Our friend down the road, who is always catching me for a chat when I’m walking the dogs, called me on the phone saying she’d done her back and couldn’t look after the chickens at the local pre-school during the holidays, as she’s agreed to do, and could we help.
“We’ll just bring them home to our girls,” says my partner.
…”but we don’t have a box to put them in”
“Don’t be silly, Gail”
So we drive down the road and find our way into the kindy, into the enclosure (which has a roof just above head height for kindy kids) and proceed to run around bent over at that height, eventually catching them both, one each.
I’m imagining the headlines in the local paper, “School Pets Chook-napped.” Fortunately, we managed to keep hold of them as we came back though all the gates and into the car with she who volunteered us displaying her grip, no doubt practiced from controlling toddlers, to keep both chickens, Snowy and Rosie, on her lap until we got home, at which point I opened all the gates at home right through to the back, ran back to the car, grabbed Snowy so we could both run quickly to the back chicken area, leaving the car open in the street as we had no spare hands…
“Someone will steal my handbag, Gail”
“Don’t be silly, dear.”
So it would be simple if both lots of chickens get on… but no, Thelma the pecking bitch chicken took one look at Snowy and pounced, so there was now a logistical exercise worthy of tetris:
-
PLAN: catch Thelma and evict her from her area until the others go to sleep so she can be put in another area with some straw and camp out… not too cold, not raining. Should be fine.
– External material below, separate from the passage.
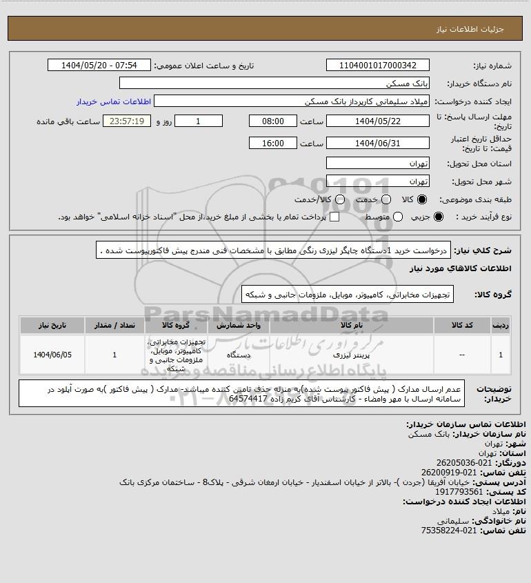 استعلام درخواست خرید 1دستگاه چاپگر لیزری رنگی مطابق با مشخصات فنی مندرج پیش فاکتورپیوست شده ., استعلام درخواست خرید 1دستگاه چاپگر لیزری رنگی مطابق با مشخصات فنی مندرج پیش فاکتورپیوست شده .

- Other chickens go to sleep and are locked in their house.
- Put Thelma in another area where there is cover and straw.
- Listen to her crow like a rooster for a fair period of time.
- SUPPLEMENTARY PLAN: slide door partition across in the middle of one chook house and lock her in one section of the chicken house, but away from the other potential victims who are sleeping, albeit nervously.
- Watch Thelma peck aggressively at the wooden partition then hop up on the roosting perch.
- I foolishly think, “Ah she’s given up. She’ll sleep now.”
- Watch as Thelma launches off the roost, attempting to break through the wooden partition… several repeats.
- I wonder if she’ll break her neck… several repeats.
- She eventually roosts, possibly concussed.
- In the morning I take Thelma out first and lock her in an open area of yard by herself.
It was a long two weeks, but at least Snowy and Rosie settled in well.